Tanaman herba seperti rosmari Rosmarinus officinalis, oregano Origanum vulgare, taragon Artemisia dracunculus, dan daun poko Mentha sp. tumbuh subur di pekarangan rumah Nur Khasanah, S.Pd. Namun, keempat jenis tanaman itu tidak rumbuh di tanah. Khasanah menanamnya di talang air mengadopsi teknologi hidroponik. Terdapat 3 lokasi tumbuh masing-masing terdiri atas 12 pipa berjejer rapi di halaman depan dan 5 pipa di belakang.

Sebuah pipa sepanjang 4 meter dan berdiameter 2 inci menampung 20 tanaman. Artinya pehobi di Desa Jlamprang, Kecamatan Leksono, Kabupaten Wonosobo, Provinsi Jawa Tengah, itu memiliki total 120 lubang tanam. Ia menerapkan hidroponik nutrient film technique (NFT). Menurut Khasanah letak instalasi menyesuaikan area yang kosong di halaman rumahnya yang seluas 30 m2 di bagian depan dan 18 m² di halaman belakang.

Pertumbuhan seragam

Khasanah menggunakan tandon nutrisi berkapasitas 20 liter. Ia mengencerkan nutrisi AB mix—dengan konsentrasi 1.000—1.400 ppm. Lokasi tandon di permukaan tanah. Ia mengalirkan nutrisi dari tandon dengan pompa. Alumnus Pendidikan Biologi Universitas Sebelas Maret (UNS) itu mengalirkan nutrisi setiap hari pada pukul 06.00—18.00.

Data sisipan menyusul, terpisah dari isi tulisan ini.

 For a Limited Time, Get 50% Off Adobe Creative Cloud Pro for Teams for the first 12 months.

Menurut Khasanah kelebihan budidaya rempah dengan metode hidroponik pertumbuhannya lebih cepat. “Karena nutrisinya terukur, ukuran tanaman lebih seragam. Ukuran daun juga lebih optimal,” kata perempuan kelahiran 4 Februari 1994 itu. Tanaman juga terhindar dari gangguan hama maupun penyakit karena area pertanaman yang bersih. Letak lahan yang seadanya mengakibatkan terdapat bagian instalasi yang tidak ternaungi, akibatknya ketika hujan turun tanaman rentan busuk.

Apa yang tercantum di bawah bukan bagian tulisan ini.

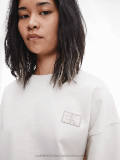 F64Z925 Vintage Ivory Women Calvin Klein Recycled Polyester Sweatshirt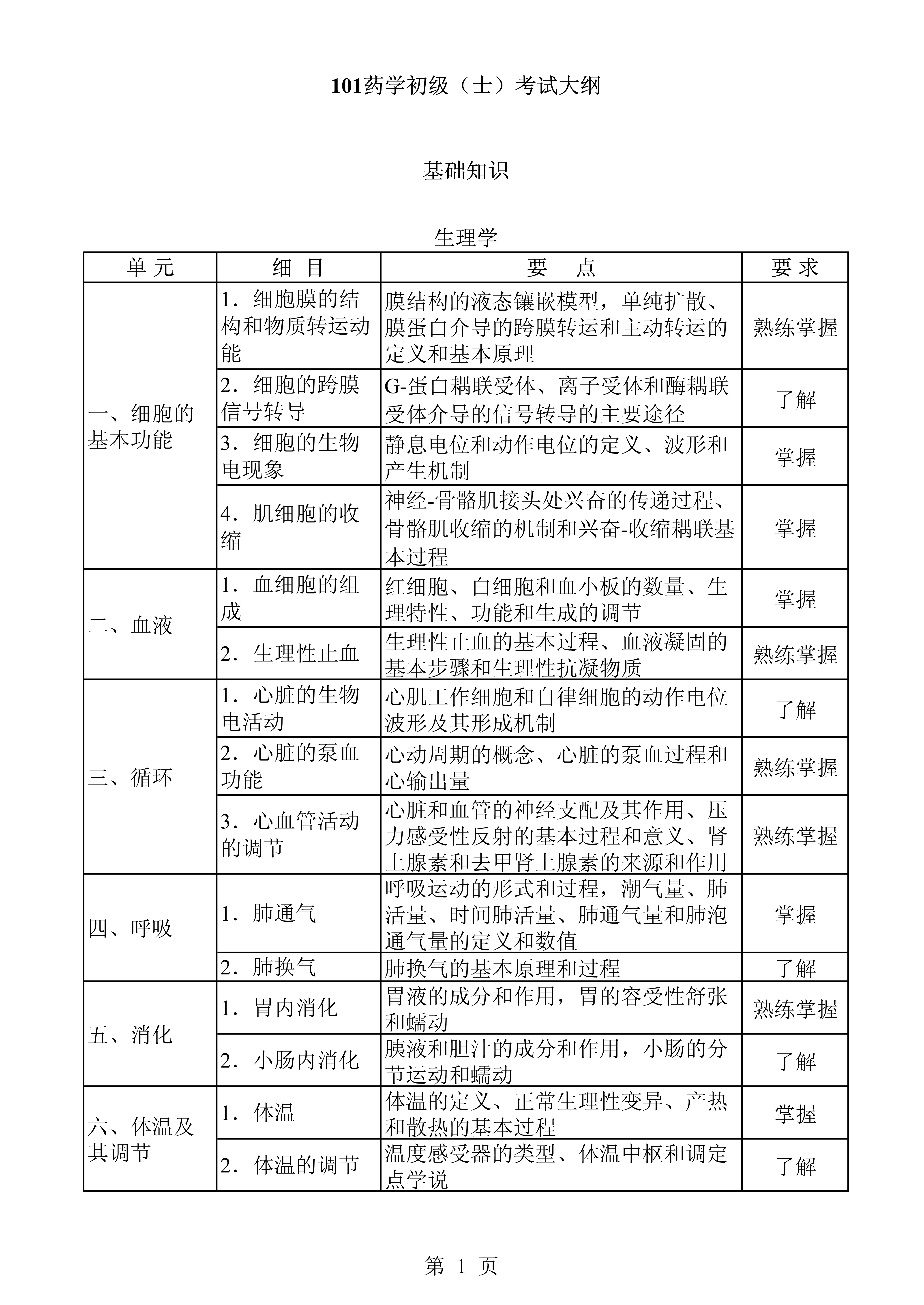 2022年卫生专业技术资格考试大纲-(药士)基础知识08-28

Khasanah mengatakan, budidaya tanaman rempah secara hidroponik terbilang mudah. Ia rutin memangkas pucuk tanaman sekali dalam sepekan. Tujuannya agar nutrisi tanaman terserap optimal sehingga pertumbuhan tanaman lebih cepat dan subur. Selain itu potongan atau pangkasan juga digunakan untuk perbanyakan tanaman. Ia menanam bibit berupa hasil pangkasan itu di rockwool.

Spearmint menjadi salah satu jenis daun mint yang diminati pembeli.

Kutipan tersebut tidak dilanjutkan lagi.